-- Opening Marker --

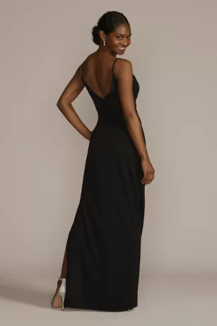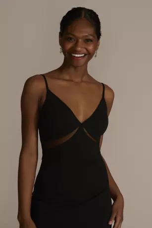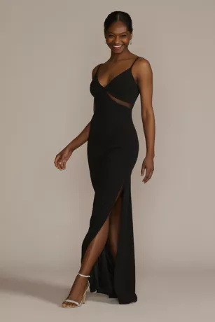 Risque details come with great rewards on this stretch crepe dress featuring tastefully revealing cutouts. Clean lines on the bodice and a skirt slit add interest to a classic sheath silhouette.
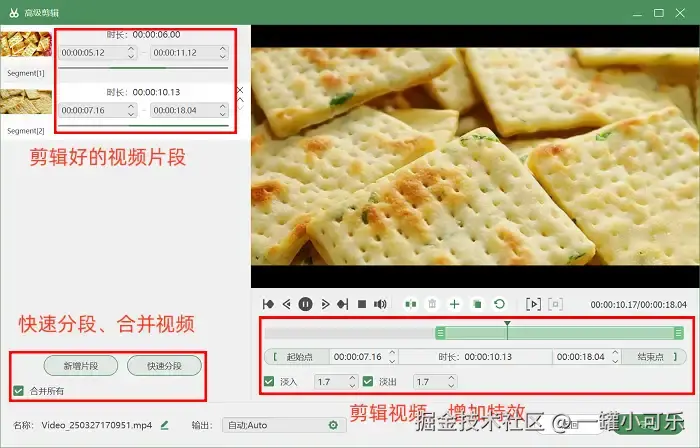 第三步:录制结束后,有后期处理需求的用户可直接点击 【高级剪辑】 功能键,对视频进行分段切割或添加特效等操作。
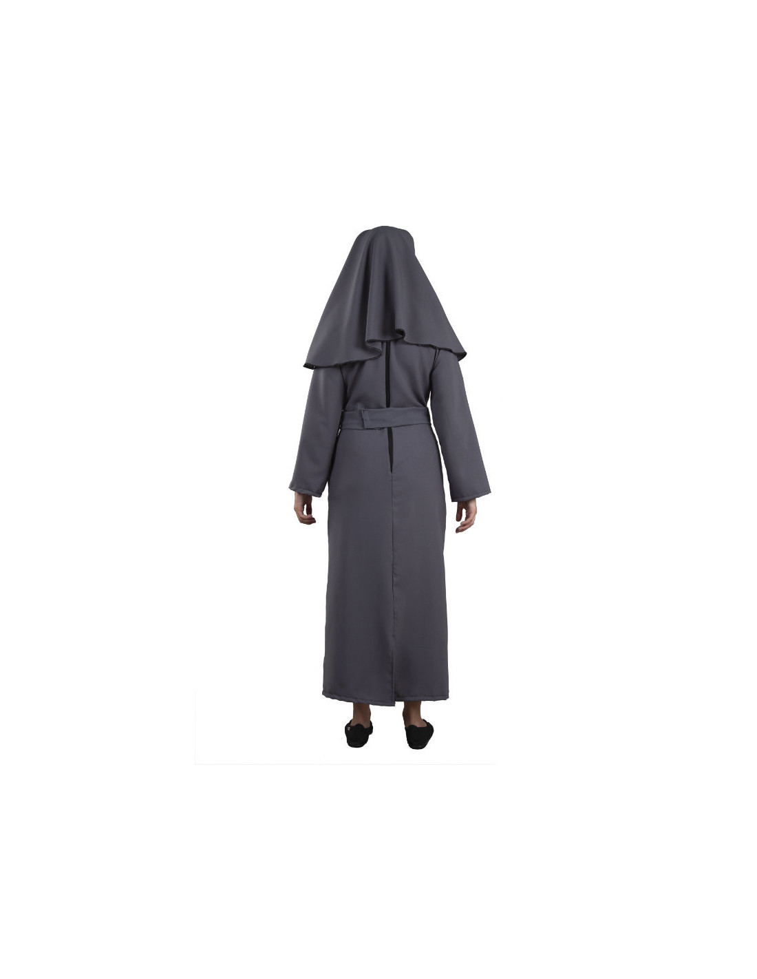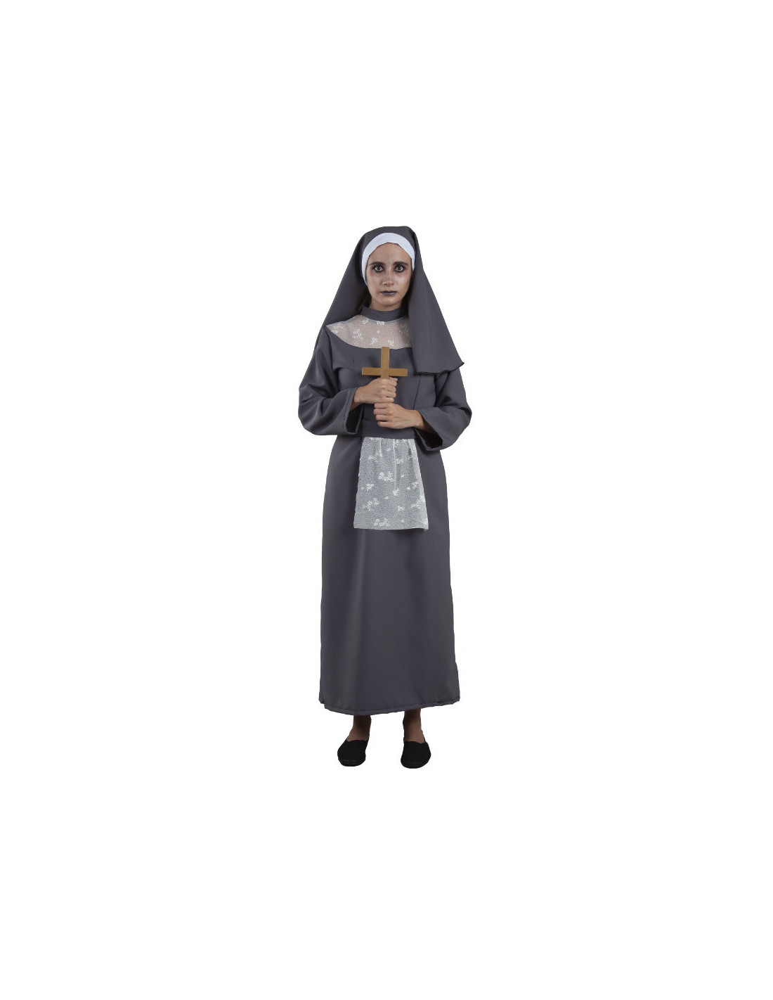 El disfraz monja sombría mujer contiene cofia gris, vestido gris y delantal con cinturón.
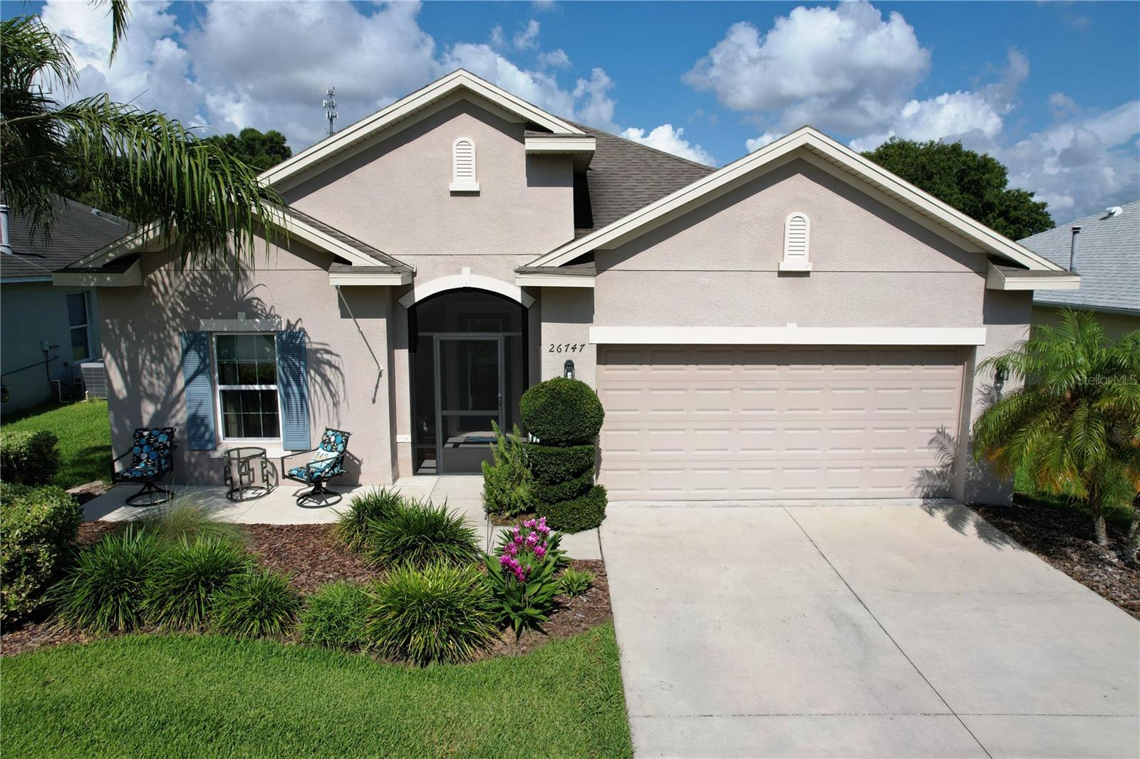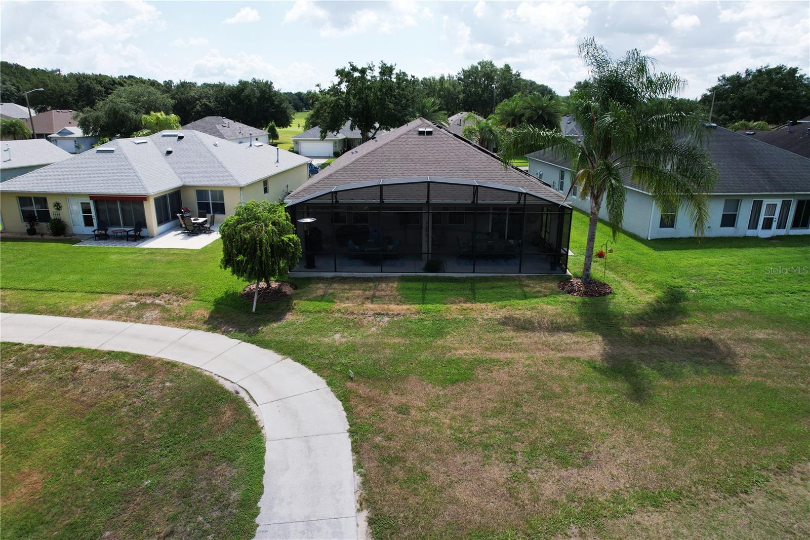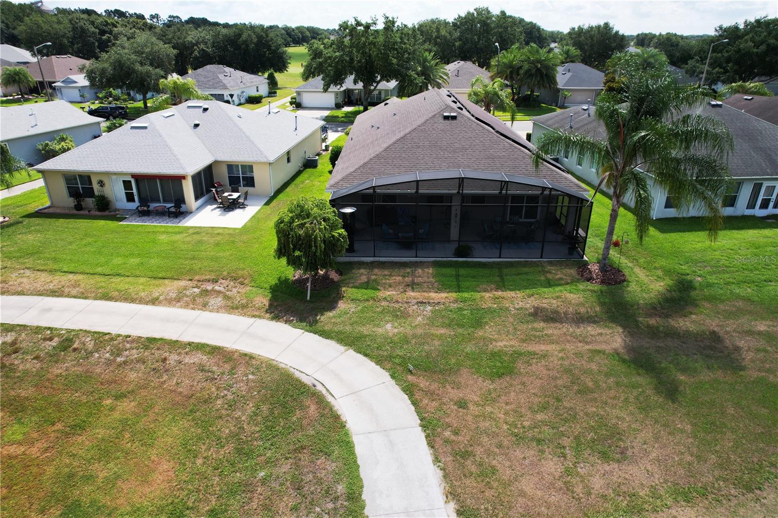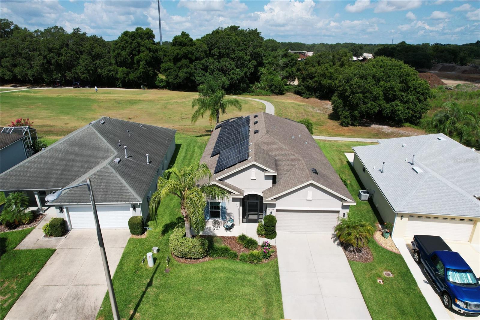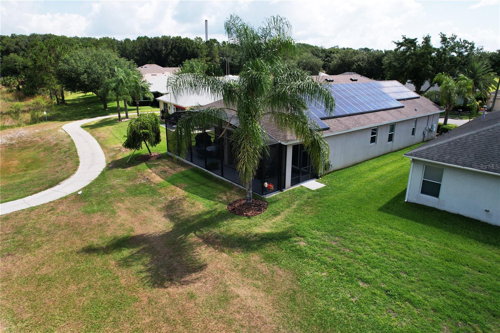 PRICE REDUCED!!!! Welcome to your dream home nestled within the serene ambiance of the Arlington Ridge golf community. This stunning 4-bedroom, 2-bathroom residence invites you into a world of comfort, elegance, and leisure, offering the perfect blend of modern living and natural beauty. Step inside and be greeted by a large inviting foyer, leading you into the heart of the home where a spacious living area awaits. Bathed in natural light streaming through the brand new Pella sliding glass doors and the large windows, this open-concept space is ideal for both relaxation and entertainment. The well-appointed kitchen is a chef's delight, boasting sleek granite countertops, A double oven and all stainless steel appliances, ample cabinetry, and a convenient island breakfast bar. Whether you're whipping up culinary delights or enjoying casual meals with loved ones, this kitchen is sure to inspire your inner chef. Retreat to the luxurious master suite, complete with luxury vinyl floors, offering a peaceful sanctuary to unwind after a long day on the golf course. Complete with a walk-in closet and a spa-like ensuite bathroom featuring dual sinks, and a huge shower... this haven exudes comfort and sophistication. Three additional bedrooms provide versatile spaces for guests, a craft room, or home offices, ensuring everyone has their own private space. A second full bathroom with modern fixtures and finishes serves these bedrooms, providing convenience and functionality for everyday living. One of the highlights of this home is the expansive oversized lanai, where outdoor living meets elegance. Whether you're savoring your morning coffee, dining al fresco, or simply soaking in the breathtaking views of the surrounding greenery, and the golf course...you are located on the 11th tee box. This outdoor oasis is perfect for year-round enjoyment. Another exciting feature are the solar panels. You can set your AC as cold as you like, and it will not affect your solar bill!! Your solar lease payment is less than your neighbors electric payment! Arlington Ridge features an established Gary Koch designed golf course and other amenities created to complement a casual active adult lifestyle, including tennis and pickleball courts, private swimming and fitness facilities and a Village Green with a movie theater, Village Tavern, billiards room, library and Grand Hall for large entertainment and social events. This community has meticulously landscaped grounds and picturesque views at every turn, every day feels like a vacation in this sought after neighborhood. Don't miss this opportunity to experience resort-style living at its finest. Schedule your private tour today and discover the lifestyle you've always dreamed of.

-- Closing Marker --

* Work to complete:
The answer must consist solely of the lines from the first line of the data through the line containing "El disfraz monja", inclusive, reproduced exactly and without pictures.

* Response area:
 Risque details come with great rewards on this stretch crepe dress featuring tastefully revealing cutouts. Clean lines on the bodice and a skirt slit add interest to a classic sheath silhouette.
 第三步:录制结束后,有后期处理需求的用户可直接点击 【高级剪辑】 功能键,对视频进行分段切割或添加特效等操作。
 El disfraz monja sombría mujer contiene cofia gris, vestido gris y delantal con cinturón.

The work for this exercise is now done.